Efficient physics: A horizontal position maps directly to (usually) one to four positions in memory, so geometry lookups for physics are very fast.
Cons:
Exactly one height per x/y coordinate: There usually can't be holes in the ground or overhanging cliffs.
Less control: You can only control the precise height of each point if the grid size matches the texture coordinates.
Artifacts: If the four vertices that define a sub-quad aren't on the same plane, the split between the two vertices will become visible. This usually happens on steep cliffs with edges that don't follow a cardinal direction.
Heightmaps are the most efficient way of rendering terrain by far and are used in many newer games that don't rely on advanced terrain features and have large outdoor areas. Wikipedia has a list of programs that use heightmaps, but I'm not sure if that means they only use them as resources or also for rendering, so here a some games that are likely to use them:
Just Cause 2: Regions are loaded in square sectors and there are no holes in the terrain. In the demo, there's a deep hole with stretched triangles along the edges where there normally would be a building. (The area is normally inaccessible, but there are mods to remove some of the demo's limitations...)
Sims 2 (maybe): Neighborhood terrain is loaded as heightmap, but there are holes where lots (building sites) are placed. There are typical artifacts if you create cliffs on a lot, though, and it's quite tedious to add a cellar to a house (and hide the cliff under a veranda).
Valve's Source engine games: Rectangular brushes (static level geometry) can have heightmapped terrain on their faces. In these games, the usual quirks are often hidden with other brushes or props.
It's impossible to tell for sure without looking at the shaders because every heightmap terrain can be rendered as mesh.
Voxel terrain stores terrain data for each point in a 3D grid. This method always uses the most storage per meaningful surface detail, even if you use compression methods like sparse octrees.

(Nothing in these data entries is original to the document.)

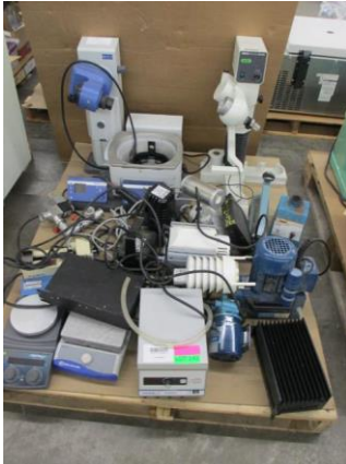
LOT 142 _____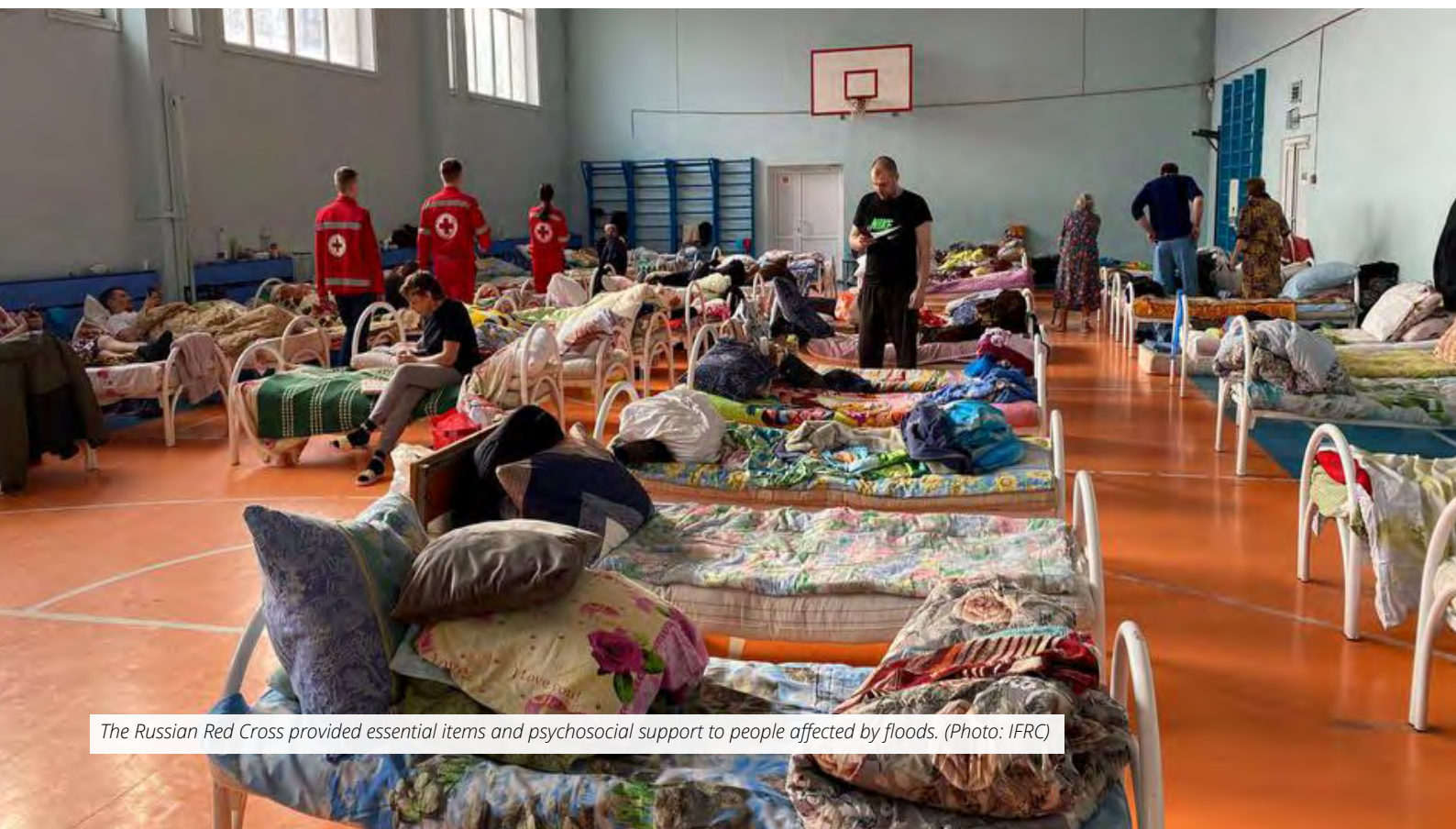
The Russian Red Cross provided essential items and psychosocial support to people affected by floods.

operations. These included floods, wildfires, violent attacks, and population movement in Russia. The IFRC also provides technical support to the National Society on a broad range of services, including disaster response, health, social inclusion, and migration.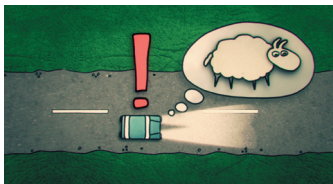
Beware of sheep on the road

(The term "voxel engine" was often used to describe a method of ray marching terrain heightmaps common in older 3D games. This section applies only to terrain stored as voxel data.)
Pros:
Continuous 3D data: Voxels are pretty much the only efficient way to store continuous data about hidden terrain features like ore veins.
Easy to modify: Uncompressed voxel data can be changed easily.
Advanced terrain features: It's possible to create overhangs. Tunnels are seamless.
Interesting terrain generation: Minecraft does this by overlaying noise functions and gradients with predefined terrain features (trees, dungeons). (Read Terrain Generation, Part 1 in Notch's blog for more info. There is no part 2 as of 05.8.2011.)
Cons:
Slow: To render voxel data, you either have to use a ray tracer or compute a mesh, for example with marching cubes (There will be artifacts). Neighboring voxel aren't independent for mesh generation and the shaders are more complicated and usually produce more complex geometry. Rendering voxel data with high LOD can be very slow.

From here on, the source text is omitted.